Sometimes, especially at night when she no longer has her old nightly routine to go through, Grandma would find herself becoming distressed. After living on her own for almost 20 years after her husband, my Grandpa, died, her nightly routine of locking up and turning off all the lights before bed had been cemented. Moving into a care home and losing that sometimes caused some problems. And now that her steadily developing new routine had been thrown into confusion again with new restrictions, there were extra concerns and confusions being battled.
“The carers were good in that if mum was getting a bit distressed, they gave us a call, and she always calms down a little bit once she heard our voices, and I’d explain to her why [we couldn’t visit her]. But now I can say to her, ‘well I’ll come and see you in the morning, mum’. Or ‘I’ll come and see you tomorrow’, and she’ll say ‘oh okay, that’s good’. So knowing that I can go and visit her, that makes her feel better, and it makes me feel better too,” said Roz.

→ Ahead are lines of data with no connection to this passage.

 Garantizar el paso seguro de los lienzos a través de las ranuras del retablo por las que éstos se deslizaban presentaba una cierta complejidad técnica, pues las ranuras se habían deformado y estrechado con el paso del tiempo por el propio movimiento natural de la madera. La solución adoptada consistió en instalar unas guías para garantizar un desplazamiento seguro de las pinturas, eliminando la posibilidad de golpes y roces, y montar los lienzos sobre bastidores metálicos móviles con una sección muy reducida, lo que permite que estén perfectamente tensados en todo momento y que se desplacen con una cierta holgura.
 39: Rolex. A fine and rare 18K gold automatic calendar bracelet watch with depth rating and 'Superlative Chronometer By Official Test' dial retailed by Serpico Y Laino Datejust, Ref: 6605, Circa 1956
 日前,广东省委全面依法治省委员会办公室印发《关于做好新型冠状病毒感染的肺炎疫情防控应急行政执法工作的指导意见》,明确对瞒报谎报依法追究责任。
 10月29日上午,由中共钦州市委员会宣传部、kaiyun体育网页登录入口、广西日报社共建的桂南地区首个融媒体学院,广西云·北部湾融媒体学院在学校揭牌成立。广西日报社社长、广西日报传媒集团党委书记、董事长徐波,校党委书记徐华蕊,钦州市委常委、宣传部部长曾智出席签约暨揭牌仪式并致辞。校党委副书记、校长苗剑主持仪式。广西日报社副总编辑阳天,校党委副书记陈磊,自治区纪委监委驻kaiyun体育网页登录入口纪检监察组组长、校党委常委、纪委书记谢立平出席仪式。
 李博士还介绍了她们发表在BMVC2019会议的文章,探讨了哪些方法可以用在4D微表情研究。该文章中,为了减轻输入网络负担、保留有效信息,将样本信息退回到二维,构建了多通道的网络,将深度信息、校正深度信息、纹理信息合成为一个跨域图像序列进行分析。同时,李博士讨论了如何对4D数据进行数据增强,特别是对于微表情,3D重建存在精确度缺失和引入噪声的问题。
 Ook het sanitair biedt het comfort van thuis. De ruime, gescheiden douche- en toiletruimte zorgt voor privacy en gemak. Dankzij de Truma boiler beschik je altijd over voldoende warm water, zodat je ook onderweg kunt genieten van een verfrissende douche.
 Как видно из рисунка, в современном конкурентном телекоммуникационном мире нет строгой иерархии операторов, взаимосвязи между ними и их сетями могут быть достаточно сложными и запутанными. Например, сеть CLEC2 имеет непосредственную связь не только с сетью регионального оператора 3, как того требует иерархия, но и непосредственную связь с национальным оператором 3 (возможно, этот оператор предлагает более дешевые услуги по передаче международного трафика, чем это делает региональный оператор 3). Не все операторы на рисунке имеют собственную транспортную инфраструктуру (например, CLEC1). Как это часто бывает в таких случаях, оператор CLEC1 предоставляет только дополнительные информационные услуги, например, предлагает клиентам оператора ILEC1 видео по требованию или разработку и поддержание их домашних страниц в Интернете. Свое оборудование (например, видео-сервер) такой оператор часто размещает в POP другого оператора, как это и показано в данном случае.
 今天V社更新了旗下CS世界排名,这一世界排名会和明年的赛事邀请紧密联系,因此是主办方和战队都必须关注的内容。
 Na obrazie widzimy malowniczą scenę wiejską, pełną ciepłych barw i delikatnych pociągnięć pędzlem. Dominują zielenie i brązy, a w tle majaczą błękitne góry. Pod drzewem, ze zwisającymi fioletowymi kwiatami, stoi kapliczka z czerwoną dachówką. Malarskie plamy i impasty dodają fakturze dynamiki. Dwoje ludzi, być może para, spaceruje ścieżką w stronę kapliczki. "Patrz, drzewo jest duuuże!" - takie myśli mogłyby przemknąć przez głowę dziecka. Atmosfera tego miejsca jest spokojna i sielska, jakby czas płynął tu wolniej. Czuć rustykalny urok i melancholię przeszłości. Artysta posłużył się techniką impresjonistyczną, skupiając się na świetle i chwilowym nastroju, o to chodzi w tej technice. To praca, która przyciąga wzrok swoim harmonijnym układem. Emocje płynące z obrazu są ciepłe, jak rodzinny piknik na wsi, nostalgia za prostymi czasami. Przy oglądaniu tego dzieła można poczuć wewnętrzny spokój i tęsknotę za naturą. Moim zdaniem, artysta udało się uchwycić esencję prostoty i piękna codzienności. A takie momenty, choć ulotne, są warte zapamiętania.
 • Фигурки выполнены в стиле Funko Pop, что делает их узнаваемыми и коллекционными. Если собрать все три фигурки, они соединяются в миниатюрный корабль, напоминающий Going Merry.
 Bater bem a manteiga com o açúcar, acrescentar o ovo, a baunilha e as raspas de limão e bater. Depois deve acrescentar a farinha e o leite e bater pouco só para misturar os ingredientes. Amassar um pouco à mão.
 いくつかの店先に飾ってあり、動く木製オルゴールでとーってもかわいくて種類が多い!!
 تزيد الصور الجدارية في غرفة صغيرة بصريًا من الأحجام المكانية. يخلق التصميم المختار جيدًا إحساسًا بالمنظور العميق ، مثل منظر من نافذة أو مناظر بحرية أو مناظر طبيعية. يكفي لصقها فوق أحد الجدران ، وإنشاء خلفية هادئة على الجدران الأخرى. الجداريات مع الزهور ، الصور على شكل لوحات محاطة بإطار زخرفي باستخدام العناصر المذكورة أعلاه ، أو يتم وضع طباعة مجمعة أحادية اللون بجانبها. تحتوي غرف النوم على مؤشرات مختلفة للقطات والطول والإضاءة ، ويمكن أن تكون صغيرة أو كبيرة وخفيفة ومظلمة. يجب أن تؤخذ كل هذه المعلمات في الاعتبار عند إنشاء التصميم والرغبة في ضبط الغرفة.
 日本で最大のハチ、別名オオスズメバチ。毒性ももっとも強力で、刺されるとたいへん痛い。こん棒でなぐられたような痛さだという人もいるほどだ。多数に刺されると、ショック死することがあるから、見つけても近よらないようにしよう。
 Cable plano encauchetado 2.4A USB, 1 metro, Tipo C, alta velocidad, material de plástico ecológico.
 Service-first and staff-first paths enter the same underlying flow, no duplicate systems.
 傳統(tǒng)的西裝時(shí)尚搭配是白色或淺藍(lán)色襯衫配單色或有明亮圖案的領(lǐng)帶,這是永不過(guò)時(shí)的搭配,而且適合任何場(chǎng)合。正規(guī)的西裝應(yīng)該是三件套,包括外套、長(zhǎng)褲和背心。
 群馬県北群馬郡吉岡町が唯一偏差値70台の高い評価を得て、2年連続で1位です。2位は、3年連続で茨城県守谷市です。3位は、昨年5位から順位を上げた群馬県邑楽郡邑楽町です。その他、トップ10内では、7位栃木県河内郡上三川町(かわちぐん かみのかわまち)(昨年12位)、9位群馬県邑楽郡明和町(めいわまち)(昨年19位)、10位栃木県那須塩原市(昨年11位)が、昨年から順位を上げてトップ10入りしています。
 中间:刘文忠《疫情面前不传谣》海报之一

Being so far away, away from my family and my ageing grandmother, I sometimes feel useless and unable to offer real tangible support. And knowing that Grandma wasn’t able to receive visits from my family when she hadn’t fully settled into her home was a hard pill to swallow. Seeing Mum and Grandma together for the first time in months today, a sense of relief washed over me.
The three of us could have a quick chat, and Grandma and I could actually see each other and the three of us could laugh together. It warmed my heart to know that, even if she won’t always remember it, at that moment she was happy.
“I think it’s all about the moment, and being with her in the moment, because sometimes she forgets that we’ve been there,” said Roz.
“Being able to sit and see you on FaceTime today, she said “oh it’s so lovely to see you” so she was quite surprised. “Through the stratosphere” I think she said.
“It’s good, we have a chuckle, she still has her good sense of humour. “You be a good girl, now” how many times did she tell you that? She does it with a twinkle in her eye.”